Les projets à double usage gagnent en visibilité politique, mais risquent toujours d’être traités comme un domaine de niche. Ils doivent rester une priorité distincte pour faire en sorte que les investissements dans la mobilité militaire apportent systématiquement des avantages sensibles aux civils. Si ces domaines sont absorbés dans des dotations régionales plus larges ou des fonds industriels horizontaux, les projets à court terme pertinents au niveau national sont susceptibles d’évincer les investissements transfrontières, écologiques et essentiels pour la sécurité, dont les avantages ne sont pas aussi évidents, mais qui sont indispensables pour un espace européen des transports véritablement intégré et sûr.
Si vous pouviez formuler une recommandation finale à l’intention des négociateurs afin de veiller à ce que le prochain CFP permette la mise en place d’un réseau de transport véritablement résilient et vert, quelle serait-elle?

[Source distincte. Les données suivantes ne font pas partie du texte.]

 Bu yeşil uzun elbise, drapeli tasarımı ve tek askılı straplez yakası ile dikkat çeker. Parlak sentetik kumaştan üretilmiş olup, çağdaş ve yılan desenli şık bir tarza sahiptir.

Si je devais formuler une seule recommandation, ce serait de convenir d’un budget nettement plus élevé pour le MIE, clairement réservé au financement des transports, explicitement prévu pour un ensemble limité de projets à fort impact, transfrontaliers, axés sur les carburants de substitution et la sécurité et à double usage, intégré dans un cadre de gouvernance transparent et fondé sur les performances au niveau des corridors. Concentrer les rares subventions accordées au niveau de l’UE sur des projets présentant une valeur ajoutée manifeste pour l’Europe — sur la base de solides analyses coûts-bénéfices et d’étapes bien définies — permettrait d’optimiser l’utilisation des ressources et d’envoyer un signal fort et prévisible aux autorités nationales, aux investisseurs et à l’industrie.

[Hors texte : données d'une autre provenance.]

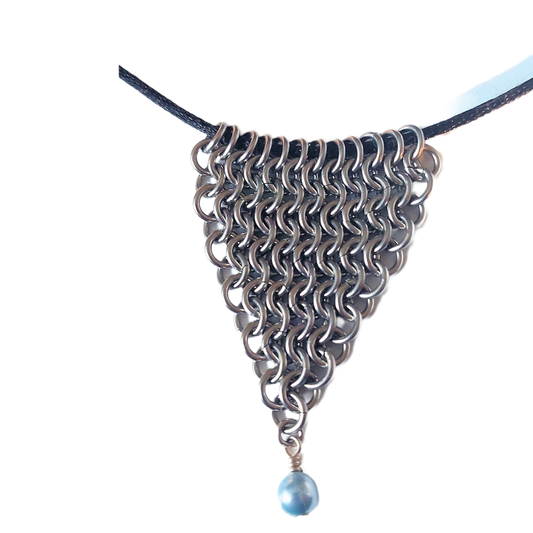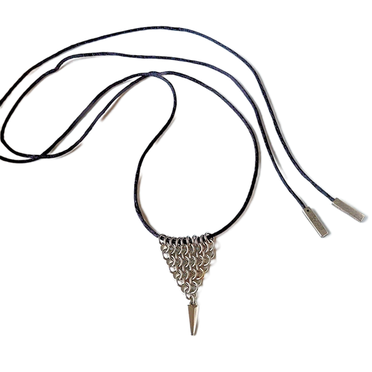Stainless Steel Chain Maille Leaf/Half-Diamond Pendant w/Silver Spike & Bolo Tie Necklace
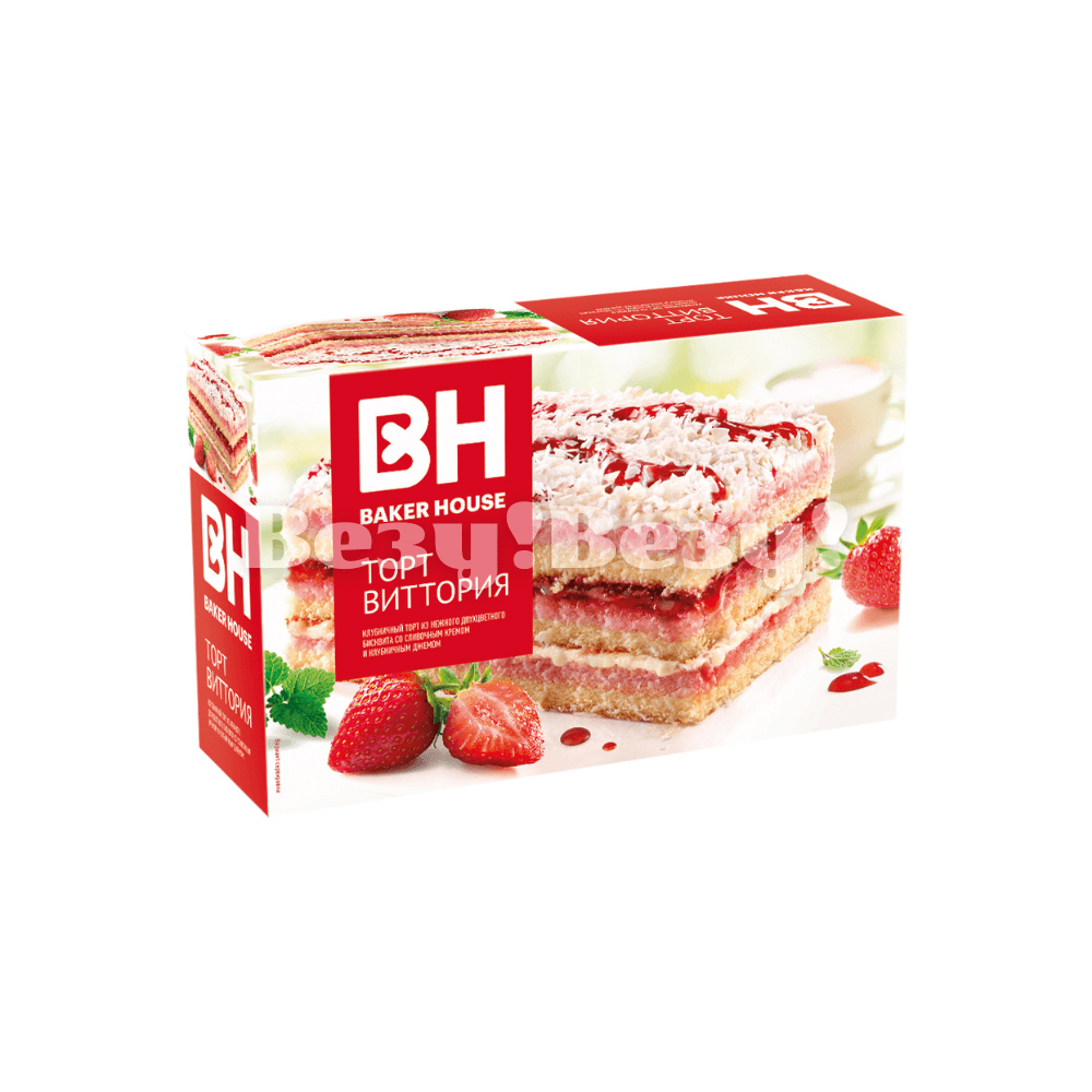 Торт бисквитный «Виттория» – изысканное сочетание двухцветного бисквита, ароматного клубничного джема и нежного сливочного крема. Лёгкая текстура и гармоничный вкус делают его идеальным угощением для любого случая.
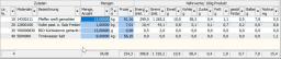 Ein Rezept mit vier Zutaten. Zu jeder Zutat gibt es die Nährstoffe, die wir auch für das Etikett benötigen. Die Fußzeile gibt die Summen der Spalten wieder.
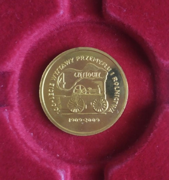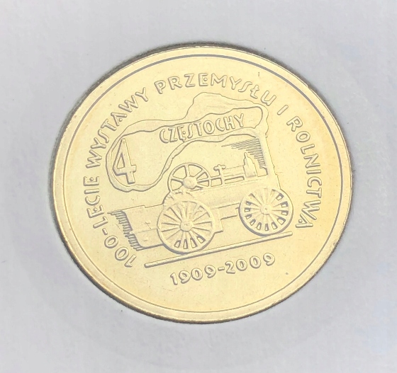 Аверс: Паровий сільськогосподарський трактор, над ним горизонтальний напис: 4 CZĘSTOCHY, під ним горизонтально дати: 1909 - 2009, зліва, вгору, праворуч, напис півколом: 100-LECIE WYSTAWY PRZEMYSŁU I ROLNICTWA
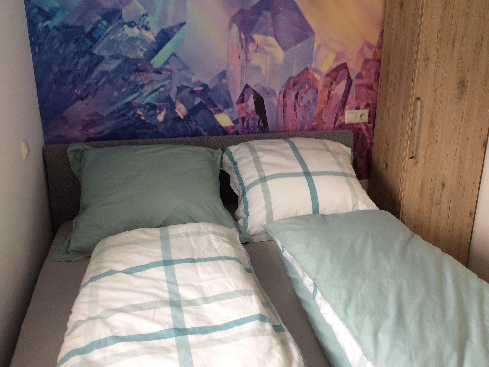 Unser kleines 1-Zimmer-Appartement „Aquamarin“ ist insgesamt 22 qm groß und ideal für 2 Personen geeignet. Es hat alles, was man für einen angenehmen Aufenthalt braucht: Dusche/WC, Boxspringbett, Schlafcouch, Küchenzeile mit Herd, Backofen und Spülmaschine, Kaffeemaschine für Pads, Wasserkocher, Toaster, kostenloses WLAN, Smart-TV.
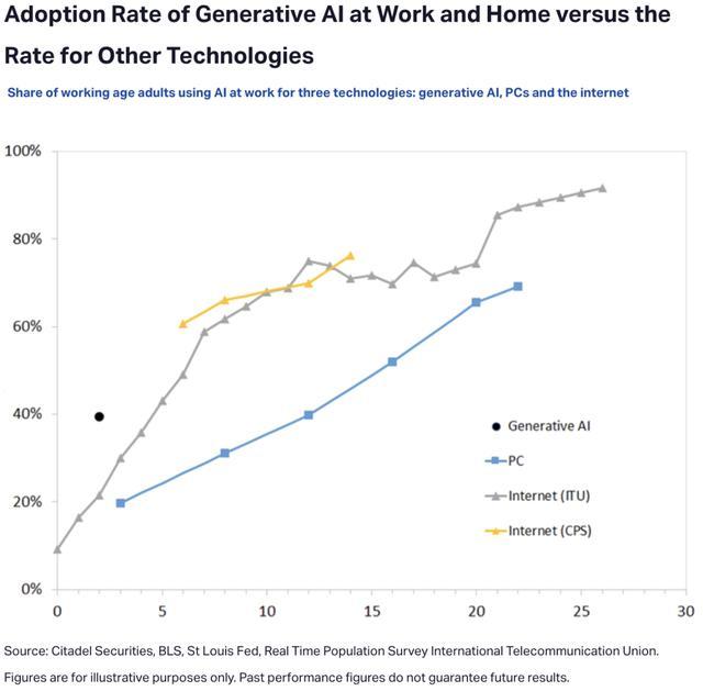 生成式AI与个人电脑及互联网的S曲线对比图
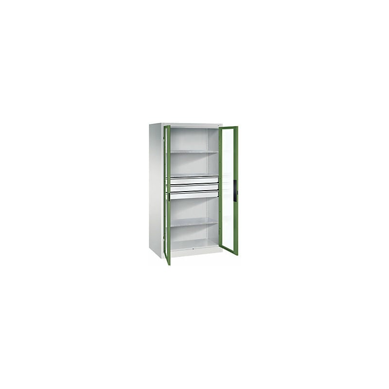 Armadio con ante a battente con finestrella, alt. x largh. x prof. 1950 x 930 x 600 mm, 3 ripiani, 3 cassetti, grigio chiaro / verde reseda. Fornitura = montato. Altezza = 1950 mm. Larghezza = 930 mm. Profondità = 600 mm. Larghezza interna = 928 mm. Altezza interna = 1840 mm. Profondità interna = 553 mm. Altezza zoccolo = 100 mm. Struttura = con saldatura. Dotazione interna = 3 ripiani, 3 cassetti. Portata struttura = 450 kg. Materiale corpo = acciaio. Materiale porta = vetro acrilico, acciaio. Superficie = con verniciatura a forno. Materiale ripiani = lamiera d'acciaio, zincata. Colore corpo = grigio chiaro RAL 7035. Colore porta = verde reseda RAL 6011. Portata per ripiano = 70 kg. Colore ripiani = argento. Numero ripiani = 3 pz. Larghezza ripiani = 925 mm. Profondità ripiani = 552 mm. Passo di regolazione altezza ripiani = 15 mm. Tipo di porta = ante a battente con finestrella. Versione porta = con finestrella. Angolo di apertura delle porte = 110 °. Armadi per officina con
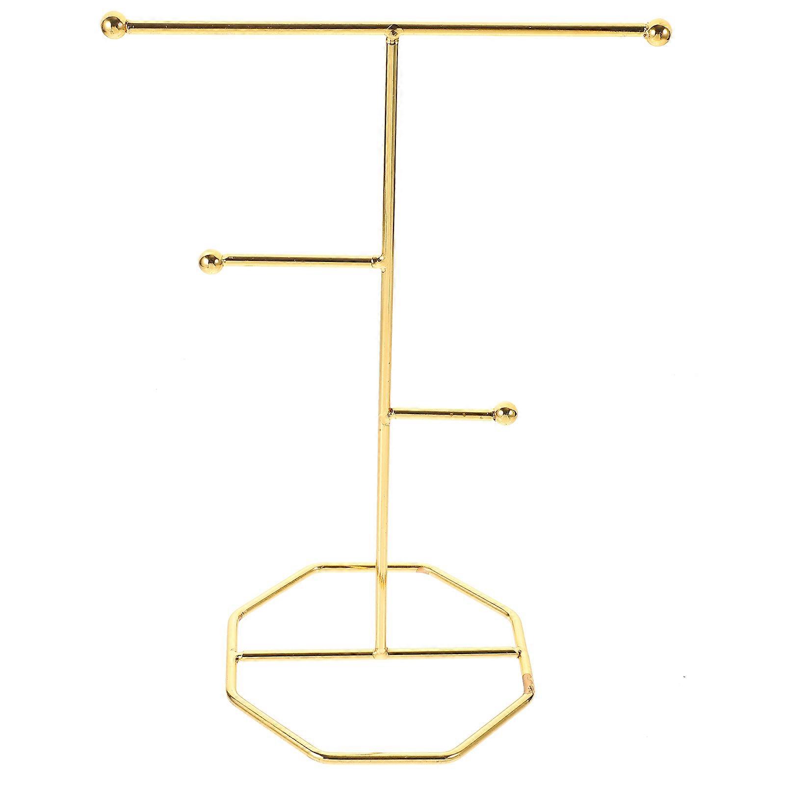 Can be used for displaying jewelry or earring in home. style, which makes it lift the class of your jewelry, attract more customer attention, and increase . It is placing jewelry, earrings and bracelet, so that they are organized, clean and tidy, and convenient for you to choose. Features -Color:Golden -Material:Iron -Size:26.00X18.50X12.00cm/10.22X7.27X4.72in - The jewelry organizer stand your jewelries well-organized, to help you quickly find the one you need, provide convenience and save time. - Suitable for storing and displaying earrings, necklace, bracelets, ear-studs, jewelry, and more. - Necklace Display Rack is designed to fit on any dressing table, bedside table or dressing table, bedroom and office. - Made of iron material, safe and . Simple but design, perfect for organizing or displaying your nice jewelry. - Perfect for counters, window displays, retail outlets, handicraft displays and individual use. Package list: 1 x Jewelry Stand
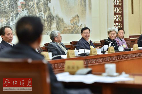 10月28日,十二届全国人大常委会第十一次会议在北京举行分组会议,审议反间谍法草案二审稿,审议全国人大常委会关于民法通则第九十九条第一款、婚姻法第二十二条的解释草案。张德江委员长参加审议。 新华社记者 李涛 摄

À cette fin, le MIE élargi devrait être complété par les volets des instruments de cohésion et de compétitivité qui sont pertinents pour les transports, assortis de garanties telles que des quotas minimaux pour les transports ou des conditionnalités dans les plans de partenariat national et régional, un parcours allant de l’innovation au déploiement dans le cadre du successeur d’Horizon Europe et du Fonds européen pour la compétitivité, ainsi que des indicateurs spécifiques aux transports pour orienter la flexibilité et les examens à mi-parcours. Le prochain CFP pourrait ainsi réagir aux chocs et aux nouvelles priorités sans perdre de vue son objectif à long terme: achever un réseau de transport résilient, vert et véritablement européen sur lequel les particuliers et les entreprises peuvent compter.

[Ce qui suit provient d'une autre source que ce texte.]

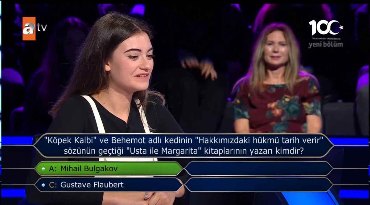 Yarışmacı ikinci baraj sorusuna kadar geldi. Baraj sorusunda yarışmacının karşısına, "Köpek Kalbi ve Behemot adlı kedinin 'hakkımızda hükmü tarih verir' sözünün geçtiği 'Usta ile Margarita' kitaplarının yazarı kimdir?" sorusu çıktı.
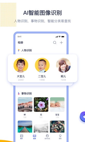 人物识别,地点分类,图像事物识别分类。自动分类,照片更容易查找。
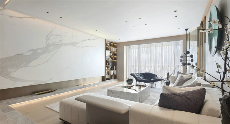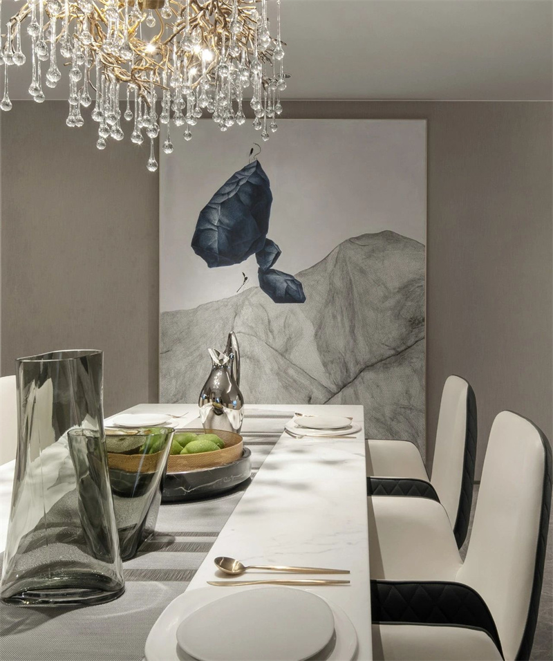 客廳以豪華和舒適為特點,注重細節(jié)和藝術(shù)品味。大理石地板和墻壁飾面營造出高貴的氛圍。精心挑選的藝術(shù)品、裝飾畫和收藏擺件,無不彰顯主人對生活品質(zhì)的追求和藝術(shù)品味的獨特表達。
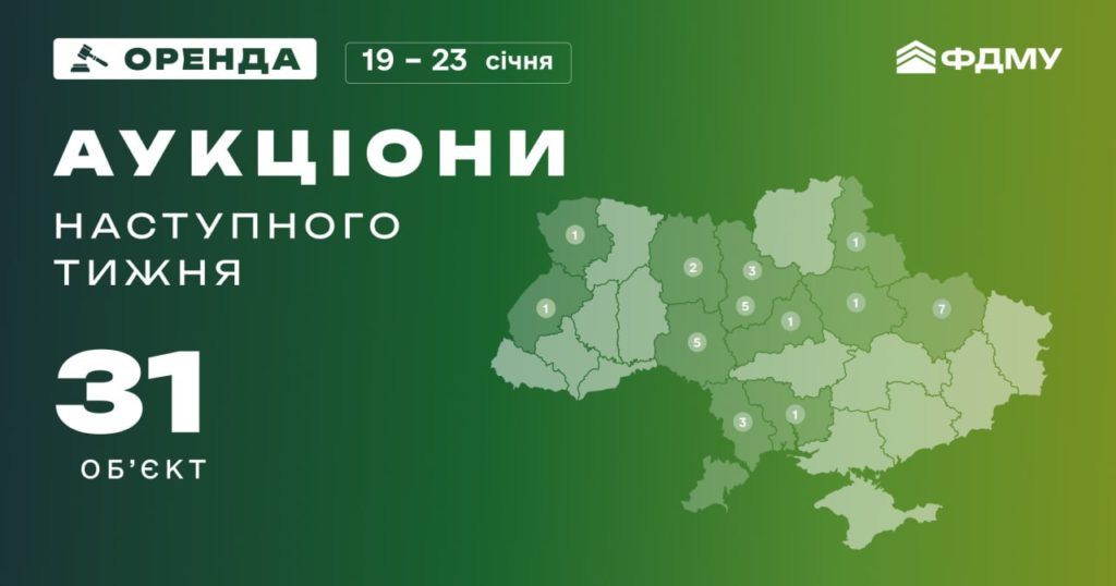 Наступного тижня, з 19 по 23 січня, Фонд держмайна планує провести 31 аукціон з оренди. Вони заплановані у Києві, Харківській, Вінницькій, Одеській, Житомирській, Київській, Волинській, Львівській, Миколаївській, Полтавській, Сумській, Черкаській областях.
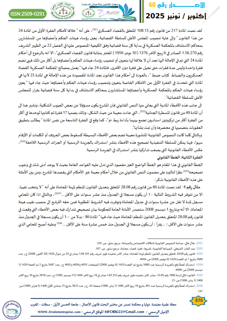 لقد نصت المادة 217 من قانون رقم 108.13 المتعلق بالقضاء العسكري[88]، على اْنه ” خلافا لأحكام الفقرة الاْولى من المادة 24 من هذا القانون ” والى غاية تنصيب المجلس الاْعلى للسلطة القضائية، يعين رؤساء هيئات الحكم واْعضاؤها من المستشارين بمحاكم الاستئناف بالمحكمة العسكرية في بداية كل سنة قضائية وفق الكيفية المنصوص عليها في الفصل 22 من الظهير الشريف رقم 1.56.270 الصادر في 6 ربيع الاخر 1376 ( 10 نونبر 1956 ) المعتبر بمثابة قانون القضاء العسكري”، الا انه بالرجوع الى اْحكام المادة 24 التي تم في الإحالة اليها نجد اْن لا علاقة لها بتعيين اْو تنصيب رؤساء هيئات الحكم واْعضاؤها بل اْكثر من ذلك فهي تضم فقرة واحدة وليس عدة فقرات حتى نحيل على فقرة دون الأخرى، فالمادة 24 جاء فيها ” يعمل بمصالح المحكمة العسكرية القضاة العسكريون والضباط كتاب ضبط “، بالعودة الى اْحكام هذا القانون نجد المادة المقصودة من هذه الإحالة هي المادة 25 لأنها هي المادة التي تتحدث في الفقرة الأولى عن الاحكام الخاصة بتعيين وتنصيب رؤساء هيئات الحكم واْعضاؤها حيث جاء فيها ” يعين رؤساء هيئات الحكم بالمحكمة العسكرية واْعضاؤها المستشارون بمحاكم الاستئناف في بداية كل سنة قضائية بقرار للمجلس الأعلى للسلطة القضائية”.
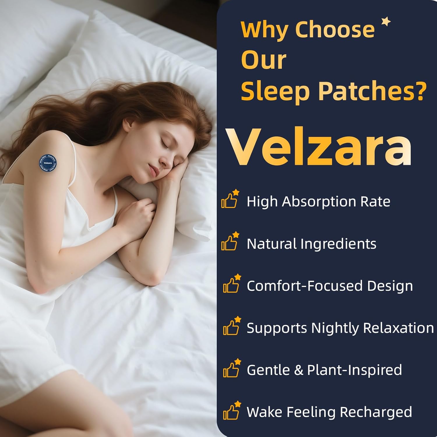 Easy Sleep Assist, No Further Steps: Say goodbye to difficult routines. Velzara affords a easy, non-disruptive addition to your night — no tablets, no teas, no electronics. Only one patch, and also you’re able to chill out and unwind.

José F. Papí est le PDG de l’entreprise technologique estonienne Etelätär Innovation et le président de l’Alliance pour les transports intelligents, une plateforme installée à Bruxelles œuvrant à l’innovation dans les infrastructures de transport. Fort de plus de trente années d’expérience dans le domaine de la politique européenne et internationale des transports, il a travaillé avec des institutions de l’UE, des agences gouvernementales et l’industrie à l’élaboration et à la mise en œuvre de stratégies de mobilité. Il est l’auteur de l’étude du Parlement européen intitulée Investing in Transport in the new MFF, commandée par la commission des transports et du tourisme, qui évalue la manière dont le budget de l’Union pour la période 2028-2034 peut générer des investissements de grande valeur, verts et résilients dans les transports. Les opinions exprimées lors de cet entretien n’engagent que leur auteur et ne doivent pas être considérées comme représentatives de la position officielle du Parlement européen.